[About this exercise] Your output must consist of the records printed verbatim, with the pictures excluded.

Segment Start: Data to process

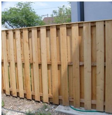
Board on board or shadowbox
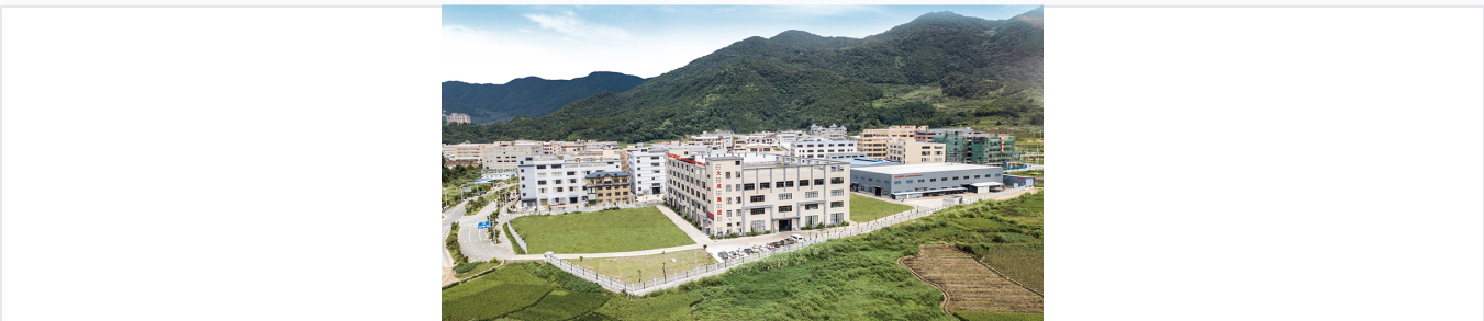
Compact and durable water pumping solution designed for efficient fluid transfer.
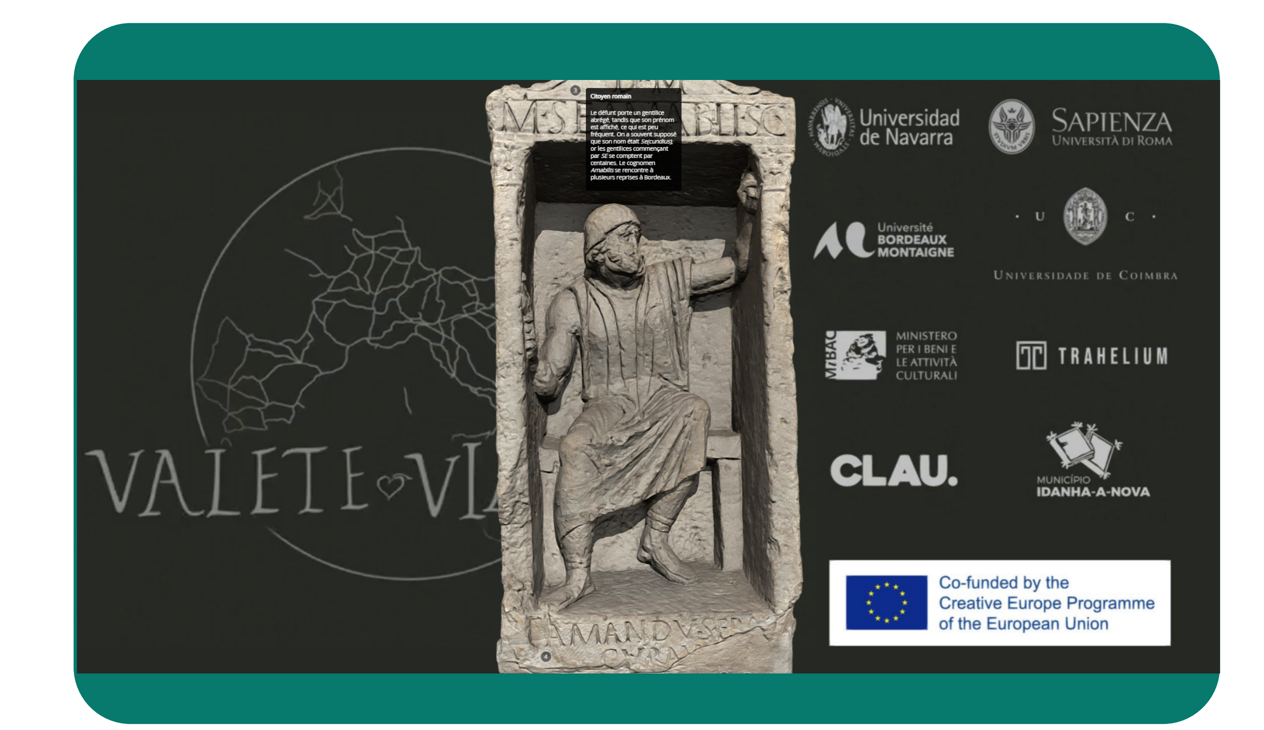
Virtual model of a Roman inscription at the Musée d'Aquitaine, Bordeaux, by Pablo Serrano Basterra
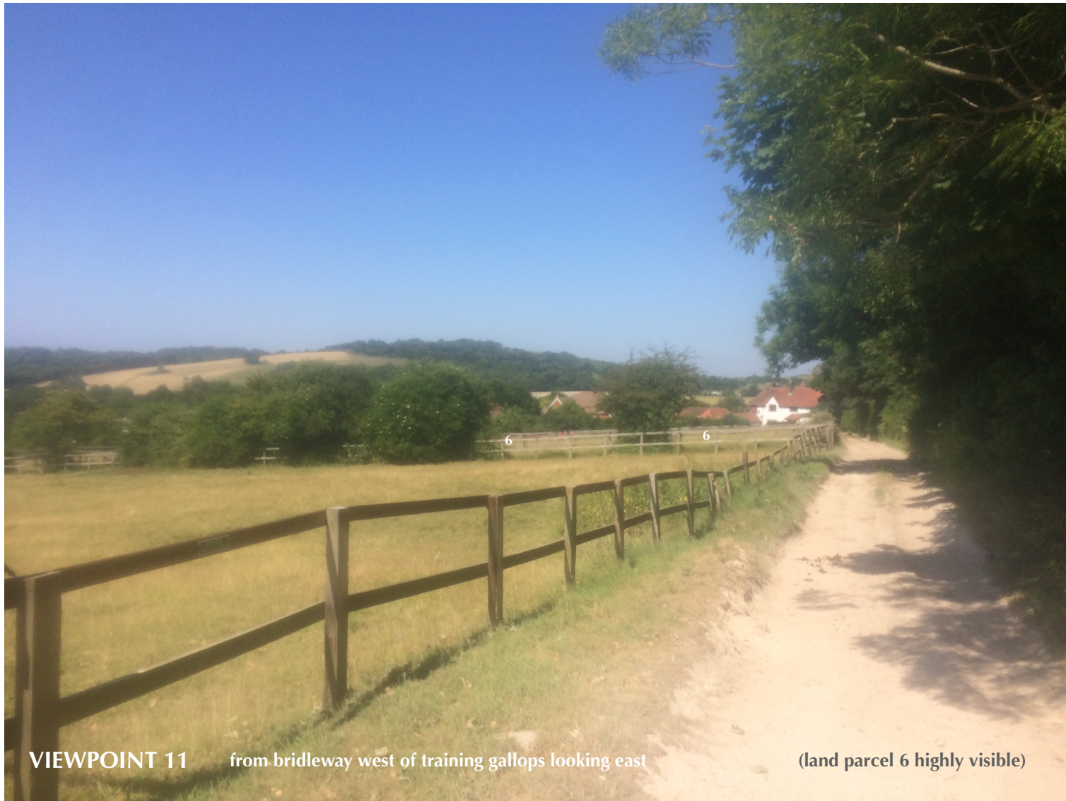
VIEWPOINT 11 from bridleway west of training gallops looking east
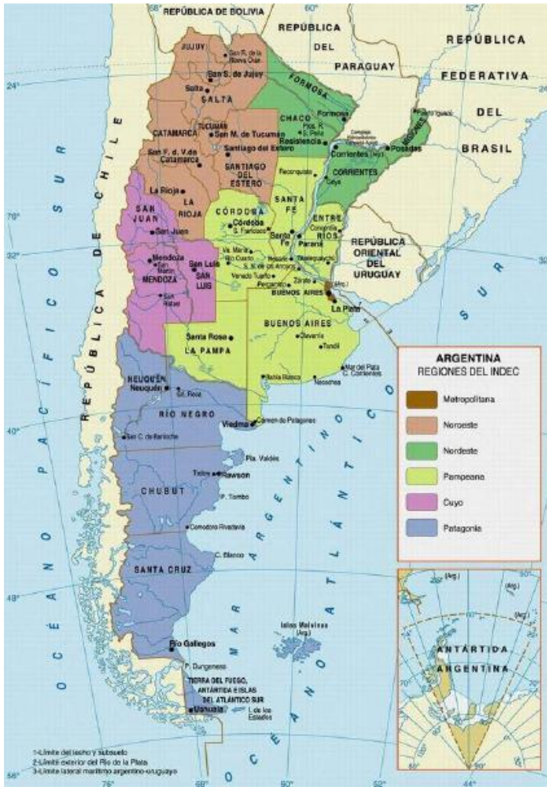
Attachment 1: Map of Argentina divided into regions.
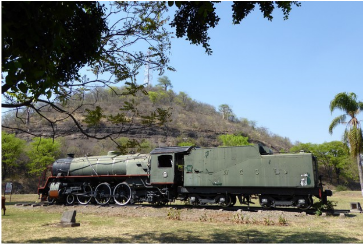
On the way south we had a short stop in Hwange . I guess this is one of the locomotives to the coal company.
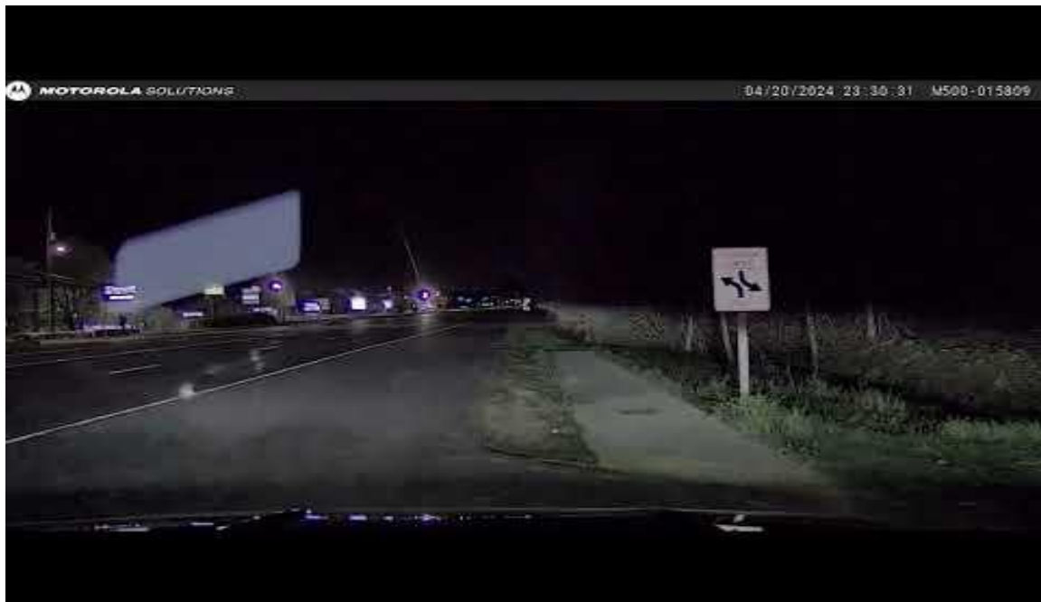
Image 1: Still-image from Deputy Hessler's dash-board camera footage while stopped on Liberty Road, prior to the Infiniti driving past at a high rate of speed. Click image for short video clip.

On April 20, 2024, at approximately 11:30 p.m., Deputy Hessler was driving a marked police cruiser on routine patrol eastbound on Liberty Road in Eldersburg, Maryland. After passing the intersection of Liberty Road and Ridge Road, Deputy Hessler pulled over to the shoulder of Liberty Road and turned off his headlights. A few moments later, a 2018 Black Infiniti Q50 passed the Deputy Hessler traveling at a high rate of speed. The posted speed limit on Liberty Road is 50 m.p.h. At 11:30:30 p.m., as the Infiniti drove by, Deputy Hessler activated the headlights and his emergency lights and sirens and began following the Infiniti eastbound on Liberty Road. The weather conditions were clear and there was minimal traffic on Liberty Road.

Segment End: Data to process

[Exercise response]
Board on board or shadowbox
Compact and durable water pumping solution designed for efficient fluid transfer.
Virtual model of a Roman inscription at the Musée d'Aquitaine, Bordeaux, by Pablo Serrano Basterra
VIEWPOINT 11 from bridleway west of training gallops looking east
Attachment 1: Map of Argentina divided into regions.
On the way south we had a short stop in Hwange . I guess this is one of the locomotives to the coal company.
Image 1: Still-image from Deputy Hessler's dash-board camera footage while stopped on Liberty Road, prior to the Infiniti driving past at a high rate of speed. Click image for short video clip.

On April 20, 2024, at approximately 11:30 p.m., Deputy Hessler was driving a marked police cruiser on routine patrol eastbound on Liberty Road in Eldersburg, Maryland. After passing the intersection of Liberty Road and Ridge Road, Deputy Hessler pulled over to the shoulder of Liberty Road and turned off his headlights. A few moments later, a 2018 Black Infiniti Q50 passed the Deputy Hessler traveling at a high rate of speed. The posted speed limit on Liberty Road is 50 m.p.h. At 11:30:30 p.m., as the Infiniti drove by, Deputy Hessler activated the headlights and his emergency lights and sirens and began following the Infiniti eastbound on Liberty Road. The weather conditions were clear and there was minimal traffic on Liberty Road.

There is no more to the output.